*Input records*:
□ □ □

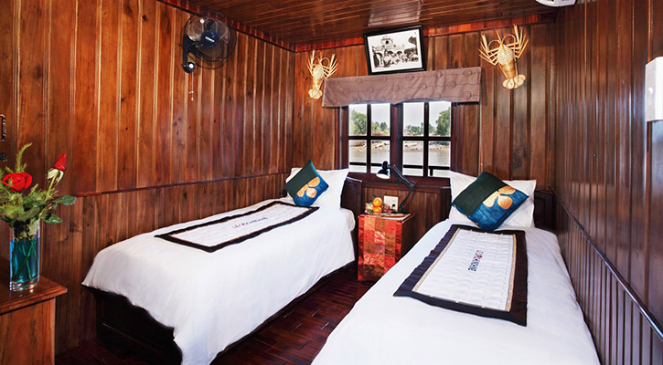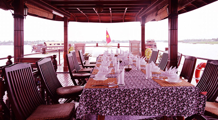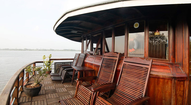 Le Cochichine is designed in the style of traditional rice barges. The boat consists of 3 boats of 6, 10, 14 cabins it will bring you an exciting discovery of the Mekong Delta. Cochinchine has an elegant and artist beauty. The cruise is in shape of shiny wood, make perfectly suitability with surrounding landscapes.
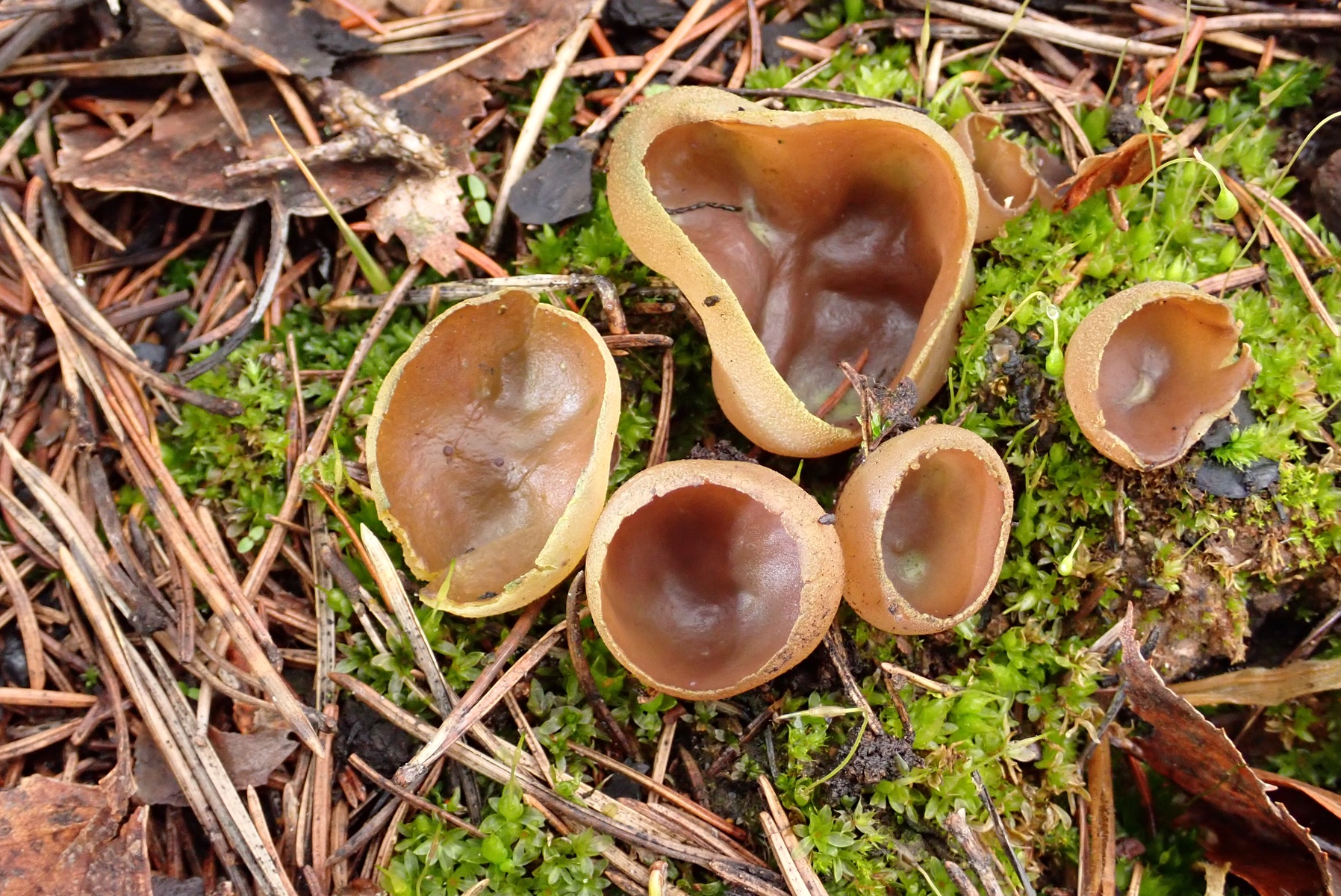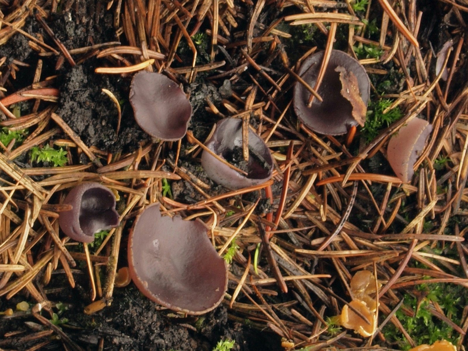 04. Geoscypha violacea, der Violette Brandstellenbecherling war immer noch reichlich zu finden, wenn auch schon älter und wenig violett…
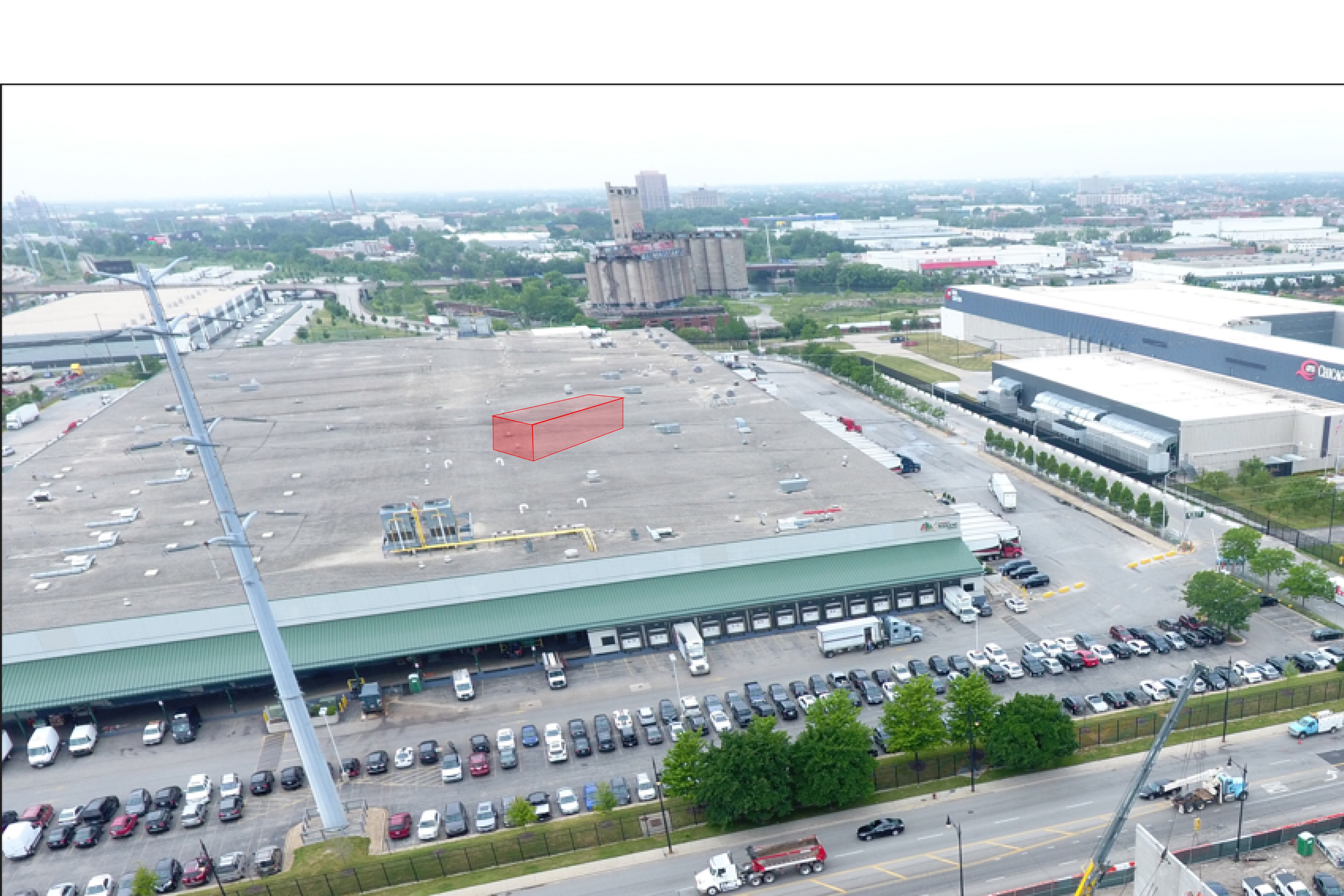take the red square in the middle of this aerial photo and render just it to be a curtain wall 1 story winter garden addition on top of roof at a 45 degree angle from rest of building
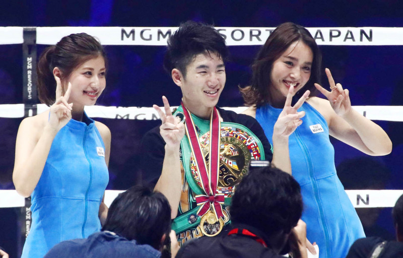 チャーミングにピースサインのリングガールの2人、左は天野麻菜、右は神部美咲。中央に寺地拳四朗
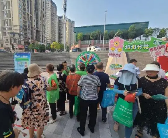 活動現(xiàn)場洋溢著歡聲笑語,節(jié)日的熱烈氛圍與垃圾分類的環(huán)保主題相得益彰。社區(qū)工作人員和志愿者們布置了多個互動區(qū)域,如垃圾分類知識展板、趣味問答游戲等,志愿者緊緊圍繞垃圾分類知識向居民群眾宣傳,并發(fā)放垃圾分類指南、垃圾分類宣傳品等內容開展。社區(qū)工作人員為居民發(fā)放垃圾分類宣傳冊和小禮品,并現(xiàn)場解說如何進行垃圾分類,分類后如何處理等垃圾分類知識。
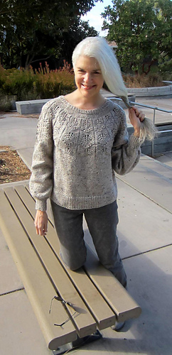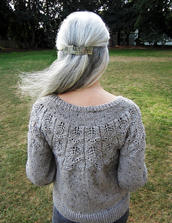This is my first test for Michele (MADuNaier on Ravelry). The design caught my eye right away with its lovely circular lace yoke and easy fit. It’s my favorite top-down construction, so there’s nothing not to like about this project. It was a very fun and easy project.
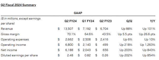 在周四,英伟达公布了第二季度的财报。Nvidia 在第二季度报告了 135.1 亿美元的营收,这一数字远超过了华尔街的预期,是去年同期 67 亿美元营收的两倍。由 Yahoo Finance 调查的分析师预测 Q2 营收为 112.2 亿美元,高出预计约20%。其中Q2 2024 的财报显示,其生成型 AI 芯片的前所未有的需求轻易地解决了它可能在销售台式机和笔记本 GPU 所遇到的困难,比较目前处于一个PC萎缩的进程中。数据中心的营收创纪录的达到了 103.2 亿美元,仅一个季度就增长了一倍多,NVIDIA 因此实现了 61.88 亿美元的利润 —— 同比增长 843%。尽管游戏业务相比疫情高峰时期减少了超过 10 亿美元,但其营收实际上同比增长了 22%,达到了 24.8 亿美元。Nvidia 报告的 GAAP 净收入为 61.8 亿美元,相较于去年同期的 6.56 亿美元有着近九倍的增长。Nvidia 的净收入甚至从第一季度的 20.4 亿美元飙升。本季度的每股稀释收益为2.48 美元,比去年同期增长了 854%。由 Yahoo Finance 调查的分析师预计每股稀释收益为 2.09 美元。
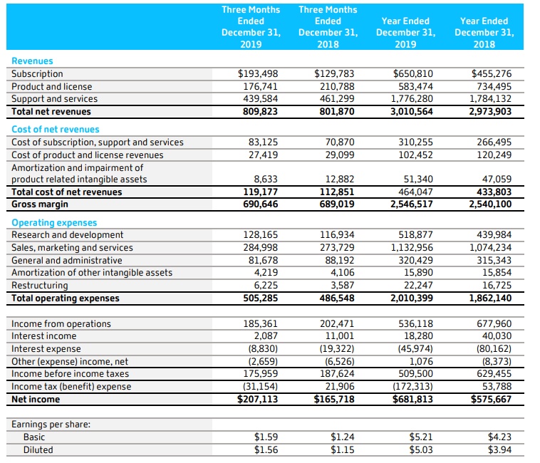 全年净利润为6.81亿美元,同比增长18%。摊薄后每股收益为5.03美元,高于去年同期的3.94美元。非GAAP下,思杰全年净利润为7.62亿美元,摊薄后每股收益为5.69美元,达到其预期收益的指导上限(5.6-5.7美元)。

□ □ □

*Task instructions*: Exact copy, pictures excluded: restate every record above word for word.

*Exercise output*:
 Le Cochichine is designed in the style of traditional rice barges. The boat consists of 3 boats of 6, 10, 14 cabins it will bring you an exciting discovery of the Mekong Delta. Cochinchine has an elegant and artist beauty. The cruise is in shape of shiny wood, make perfectly suitability with surrounding landscapes.
 04. Geoscypha violacea, der Violette Brandstellenbecherling war immer noch reichlich zu finden, wenn auch schon älter und wenig violett…
take the red square in the middle of this aerial photo and render just it to be a curtain wall 1 story winter garden addition on top of roof at a 45 degree angle from rest of building
 チャーミングにピースサインのリングガールの2人、左は天野麻菜、右は神部美咲。中央に寺地拳四朗
 活動現(xiàn)場洋溢著歡聲笑語,節(jié)日的熱烈氛圍與垃圾分類的環(huán)保主題相得益彰。社區(qū)工作人員和志愿者們布置了多個互動區(qū)域,如垃圾分類知識展板、趣味問答游戲等,志愿者緊緊圍繞垃圾分類知識向居民群眾宣傳,并發(fā)放垃圾分類指南、垃圾分類宣傳品等內容開展。社區(qū)工作人員為居民發(fā)放垃圾分類宣傳冊和小禮品,并現(xiàn)場解說如何進行垃圾分類,分類后如何處理等垃圾分類知識。
This is my first test for Michele (MADuNaier on Ravelry). The design caught my eye right away with its lovely circular lace yoke and easy fit. It’s my favorite top-down construction, so there’s nothing not to like about this project. It was a very fun and easy project.
 在周四,英伟达公布了第二季度的财报。Nvidia 在第二季度报告了 135.1 亿美元的营收,这一数字远超过了华尔街的预期,是去年同期 67 亿美元营收的两倍。由 Yahoo Finance 调查的分析师预测 Q2 营收为 112.2 亿美元,高出预计约20%。其中Q2 2024 的财报显示,其生成型 AI 芯片的前所未有的需求轻易地解决了它可能在销售台式机和笔记本 GPU 所遇到的困难,比较目前处于一个PC萎缩的进程中。数据中心的营收创纪录的达到了 103.2 亿美元,仅一个季度就增长了一倍多,NVIDIA 因此实现了 61.88 亿美元的利润 —— 同比增长 843%。尽管游戏业务相比疫情高峰时期减少了超过 10 亿美元,但其营收实际上同比增长了 22%,达到了 24.8 亿美元。Nvidia 报告的 GAAP 净收入为 61.8 亿美元,相较于去年同期的 6.56 亿美元有着近九倍的增长。Nvidia 的净收入甚至从第一季度的 20.4 亿美元飙升。本季度的每股稀释收益为2.48 美元,比去年同期增长了 854%。由 Yahoo Finance 调查的分析师预计每股稀释收益为 2.09 美元。
 全年净利润为6.81亿美元,同比增长18%。摊薄后每股收益为5.03美元,高于去年同期的3.94美元。非GAAP下,思杰全年净利润为7.62亿美元,摊薄后每股收益为5.69美元,达到其预期收益的指导上限(5.6-5.7美元)。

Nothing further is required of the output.